But the time that the accent really got to me was in the hospital in Almería, after I had set my legs on fire*. I was all alone—my travelling companions were back at the beach. It was late at night, and I was so thirsty†. So I rang for the nurse.

"Tengo sed," I said.

"¿Qué quieres?" she asked, and then said a word I could not understand at all. "¿Thumo?"

I had a little dictionary with me, but even then I could not find it, because I simply could not figure out what the first letter of the word was‡.

It was one of those achingly lonely moments that create lifelong aversions. Be grateful that it's only one sound in the language that's affected.

-----
* plastic bottle of alcohol para cocinar + fire too close = exploding bottle, melted skirt fabric, 15% partial thickness burns, and 8 days in a hospital where no one spoke English
† A long day in the sun followed by burns will do that to you.

#129 ::: abi ::: (view all by) ::: June 09, 2008, 05:23 PM:

‡ Z, pronounced S in Mexican Spanish and voiceless TH in Spain

#130 ::: Fragano Ledgister ::: (view all by) ::: June 09, 2008, 05:41 PM:

abi #128: And, of course, in the US they teach you that the Spanish word for fruit juice is 'jugo' rathar than 'zumo'...

#131 ::: Alberto ::: (view all by) ::: June 09, 2008, 06:47 PM:

Fragano @ #130:

Clearly. Juice is jugo and the wonderful volatile essential oils that spray out everywhere when you peel an orange (or what have you) is zumo. At least, that's what I learned in my house. Being provincial Mexicans, and all.

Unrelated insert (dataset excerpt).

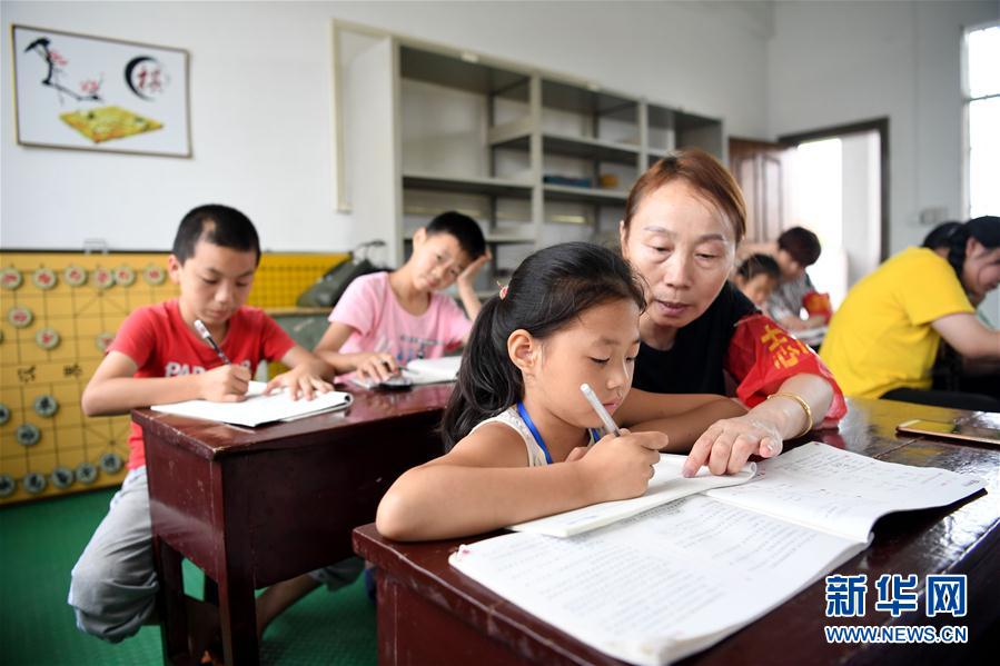 7月16日,在安徽省宿松縣洲頭鄉(xiāng)中心小學(xué)集中安置點(diǎn),教師志愿者輔導(dǎo)孩子們完成暑假作業(yè)。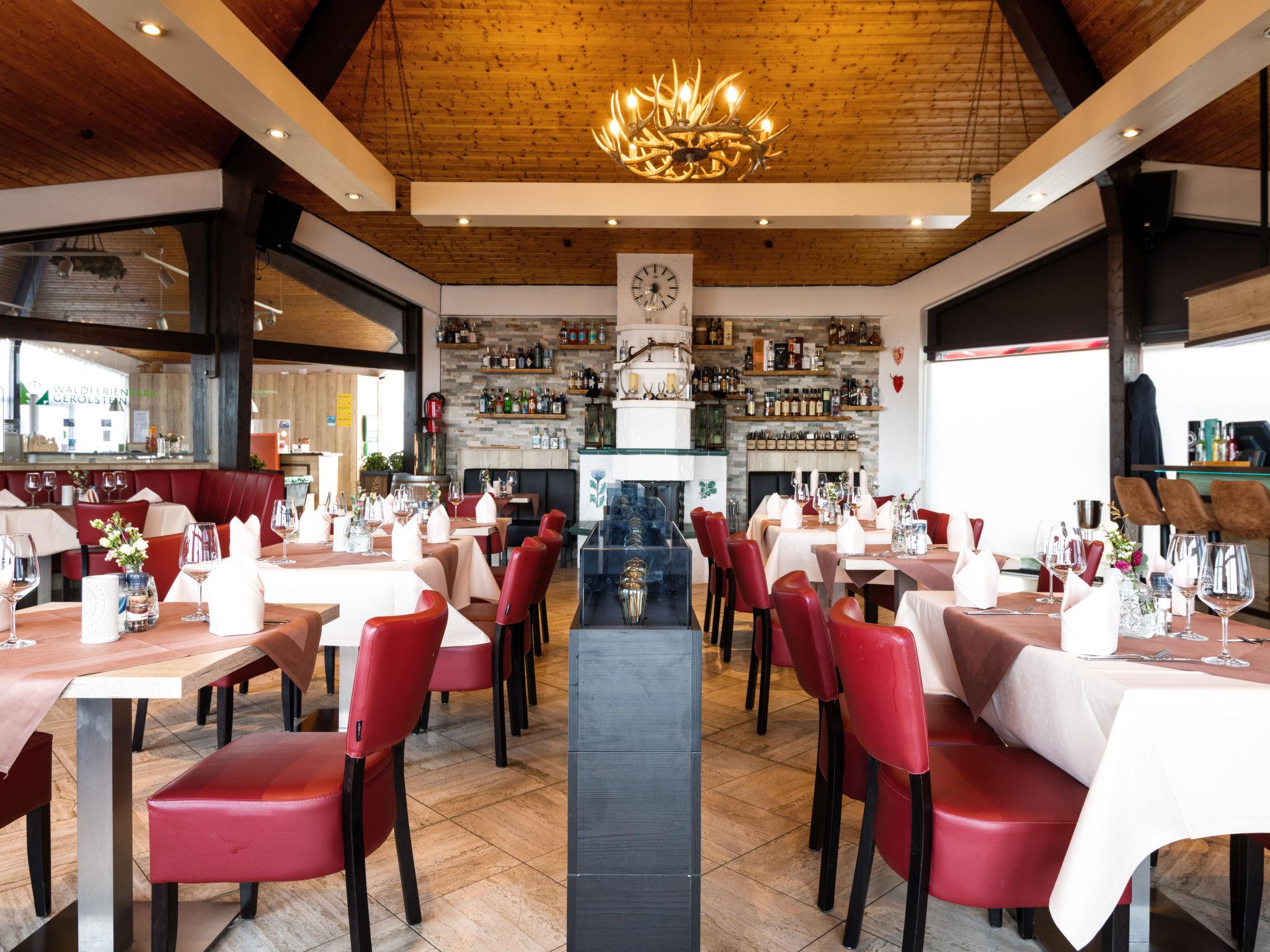 Resort "Waldferienpark Gerolstein". Outside the resort, 3 km from the centre of Gerolstein, in a secluded, quiet position on top of a hill, 100 m from the edge of the forest, 24 km from the lake, 100 m from the stream, in the countryside. For shared use: indoor pool heated (70 m2, depth 130 cm) with internal staircase. Shower/WC in the pool area, children's playground (slide, swing, sandbox), petting farm. Private: garden with lawn. In the complex: restaurant, bar, breakfast room, lounge, billiard table, trampoline, sun terrace. Bread roll service possible (extra). Stepped path to the house. Parking on the premises. Shop 3 km, grocery 2.5 km, supermarket 2.5 km, shopping centre 3 km, bicycle rental 6 km, bus stop "Gerolstein" 3 km, railway station "Gerolstein" 3 km, outdoor swimming pool 3 km, bathing lake 3.2 km. Golf course (18 hole) 18 km, tennis 3 km, minigolf 50 m, riding stable 4 km, walking paths from the house 50 m. Nearby attractions: Kylltal, Burg Eltz. Well-known lakes can easily be reached: Pulvermaar 24 km. Please note: car recommended. The forest holiday park also has air hockey and outdoor chess. Facilities for shared use (some extra). Wood for the fireplace in the properties can be purchased at reception for an additional charge.

Took me by surprise when I was offered a glass of zumo de naranja when I was in Madrid last year. But that got sorted out right quick.

#132 ::: Fragano Ledgister ::: (view all by) ::: June 09, 2008, 07:04 PM:

Alberto #131: I'll bet! On t'other hand, I've read complaints in the Spanish press about the 'South American' accents of the automatic ticket readers installed in some modern 'parkings' that say 'grasias' instead of 'gracias'.

#133 ::: Serge ::: (view all by) ::: June 09, 2008, 07:12 PM:

abi @ 128... I had set my legs on fire

Zees eez a razer extreme depilatory mezod.

#134 ::: Greg London ::: (view all by) ::: June 09, 2008, 07:38 PM:

Nicole@118: Kit Whitfield's Macho Sue analysis

Good stuff there. Bookmarked for further reading.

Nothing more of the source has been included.